Hillary Clinton had outside advisers advising her on Afghanistan, personal emails show
Retired General Wesley Clark, a confidant of the Clintons, warned against repeating in Afghanistan the "incrementalism" of gradual troop increases during the Vietnam War.

In the autumn of 2009, as US President Barack Obama conducted a long, divisive review of whether to pour more troops into Afghanistan, an influential group of advisers were quietly pushing a hawkish line.
The advisers didn't work for Obama's White House, however. They were veterans of President Bill Clinton's administration and they peppered Obama's secretary of state, Hillary Clinton, with messages urging a robust counter-insurgency effort in Afghanistan and a tougher US stance towards Pakistan, according to emails released by the State Department.

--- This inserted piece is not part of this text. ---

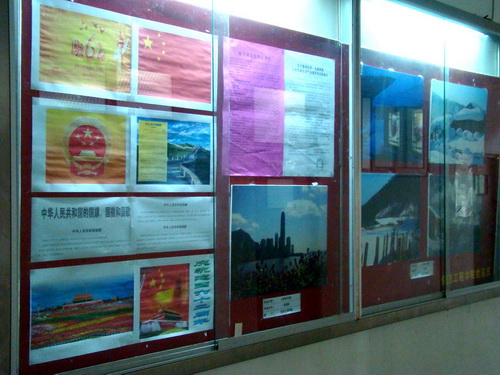为了迎接祖国六十二周年诞辰,激发人们的爱国热情,宣传栏刊载了中华人民共和国国旗、国徽和国歌的图片,以及国旗、国徽和国歌含义与产生过程简介;宣传栏还刊载了信息工程学院教职工拍摄的展现我国壮丽山河的摄影作品,其中《中国雪乡组照》获得市教育工会颁发得的天津市教职工书画摄影展赛活动“佳作奖”。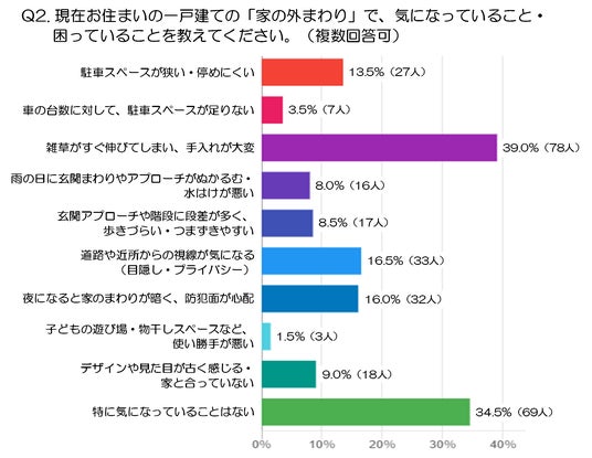 - なお、「特に気になっていることはない」34.5%(69人)も多く、現状の外まわりに大きな困りごとを感じていない人も少なくない結果でした。

The emails reveal how, even as Obama ran a highly formalised Afghan policy review of near-endless meetings and position papers, Clinton was receptive to outsiders' views delivered through back-channels.
How much they influenced Clinton, who was also getting plenty of advice on Afghanistan and Pakistan from officials at her State Department, remains unclear. But Clinton eventually threw her support behind a troop "surge" and there is some evidence the external advisers formed part of her thinking.
Some had more national security expertise than others, but all appeared to have Clinton's ear - and her private email address.
In one missive on October 11, 2009, retired General Wesley Clark, a confidant of the Clintons, warned against repeating in Afghanistan the "incrementalism" of gradual troop increases during the Vietnam War.
"Hopefully, we can be more decisive: lean harder on the Pakistanis, provide more troops to [Afghanistan commander General Stanley] McChrystal ... and raise the heat on al-Qaeda," Clark wrote.